— Material provided —
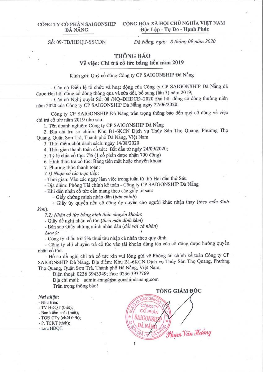 Thông báo chi trả cổ tức bằng tiền mặt năm 2019 cho quý cổ đông.
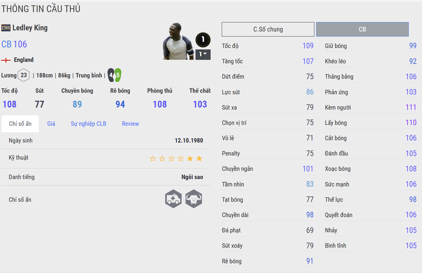 Trung vệ người Anh được xem là cái tên đáng dùng bậc nhất cho team color Anh thời điểm hiện tại. Thể hình to khỏe, sức tì đè trâu và kỹ năng phòng ngự thông minh. L. King còn sở hữu kỹ năng không chiến tốt cùng khả năng bật nhảy khá ổn. Điểm nổi bật của L. King nằm ở tốc độ và khả năng tăng tốc trong những tình huống phòng ngự cũng như áp sát phòng ngự của cầu thủ người Anh đều rất nhanh và hiệu quả.
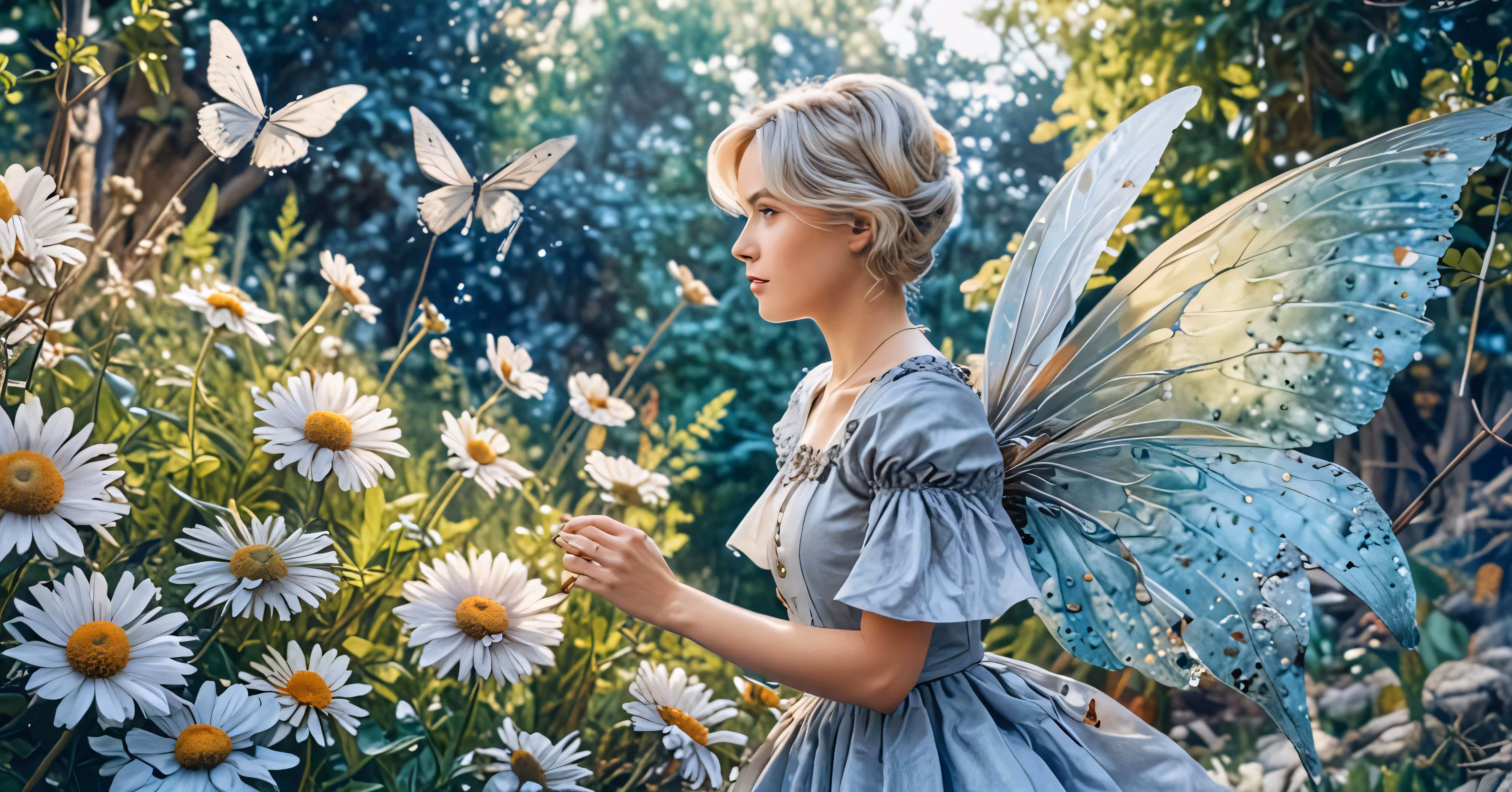 High resolution picture, free to use, a lady with a blue dress and a flower in front of a forest
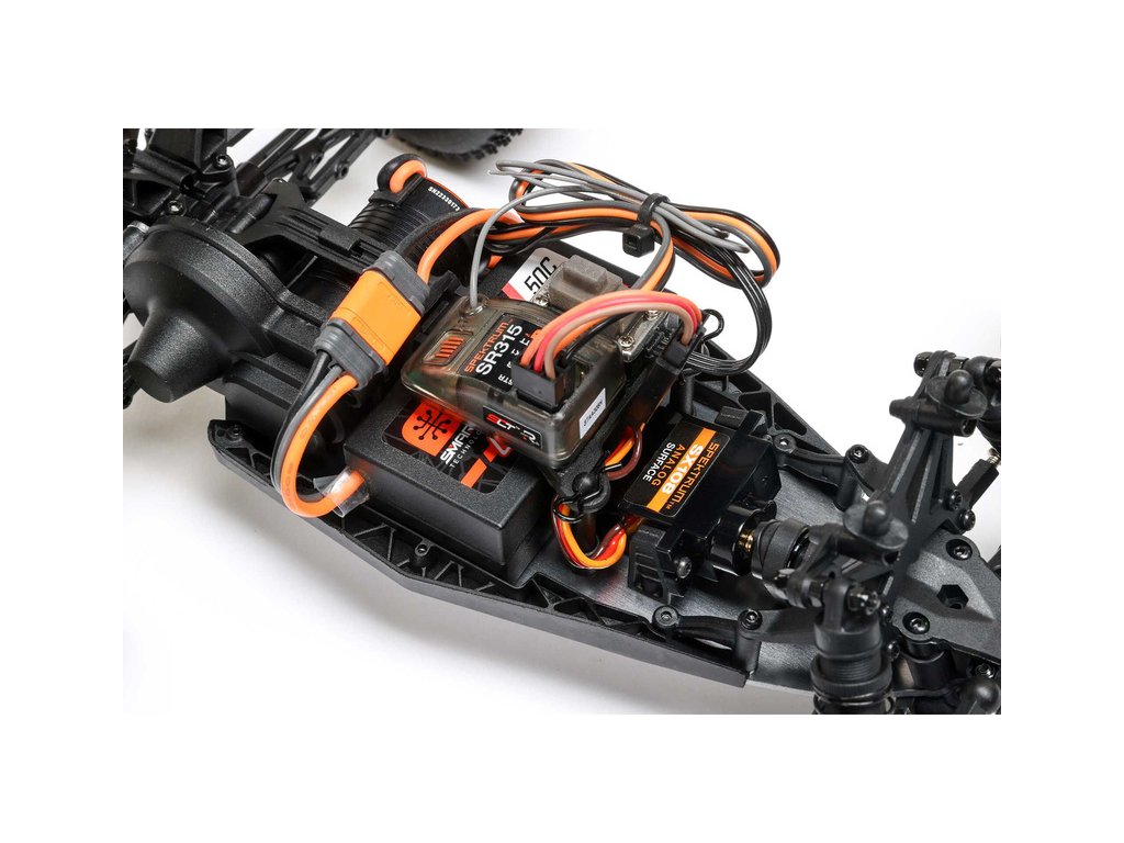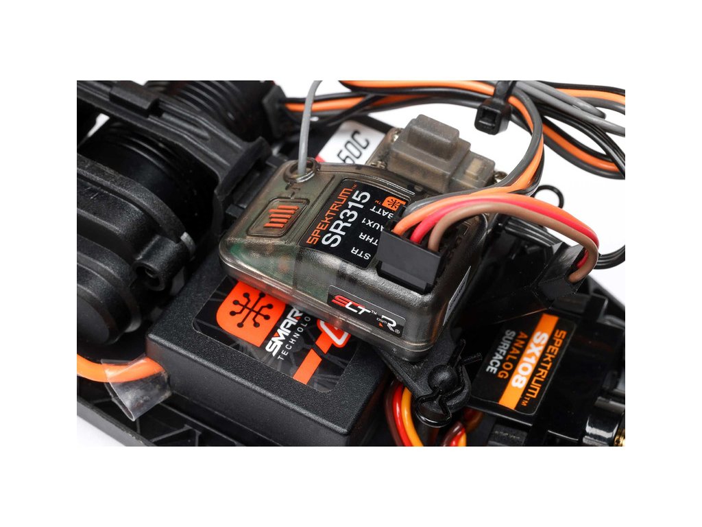 Kromě ovládání bez rušení nabízí přiložený vysílač Spektrum SLT2 2,4 GHz mnoho užitečných funkcí včetně trimu řízení, rychlosti řízení a couvání. S omezovacím přepínačem plynu mohou začátečníci omezit rychlost z 50 % na 75 % až 100 % – ideální pro postupné a bezpečné učení se dovednostem ovládání.

— Problem details —
Quote precisely the lines of the data from the line containing "Trung vệ người" through its final line, both included, excluding pictures.

— Solution —
 Trung vệ người Anh được xem là cái tên đáng dùng bậc nhất cho team color Anh thời điểm hiện tại. Thể hình to khỏe, sức tì đè trâu và kỹ năng phòng ngự thông minh. L. King còn sở hữu kỹ năng không chiến tốt cùng khả năng bật nhảy khá ổn. Điểm nổi bật của L. King nằm ở tốc độ và khả năng tăng tốc trong những tình huống phòng ngự cũng như áp sát phòng ngự của cầu thủ người Anh đều rất nhanh và hiệu quả.
 High resolution picture, free to use, a lady with a blue dress and a flower in front of a forest
 Kromě ovládání bez rušení nabízí přiložený vysílač Spektrum SLT2 2,4 GHz mnoho užitečných funkcí včetně trimu řízení, rychlosti řízení a couvání. S omezovacím přepínačem plynu mohou začátečníci omezit rychlost z 50 % na 75 % až 100 % – ideální pro postupné a bezpečné učení se dovednostem ovládání.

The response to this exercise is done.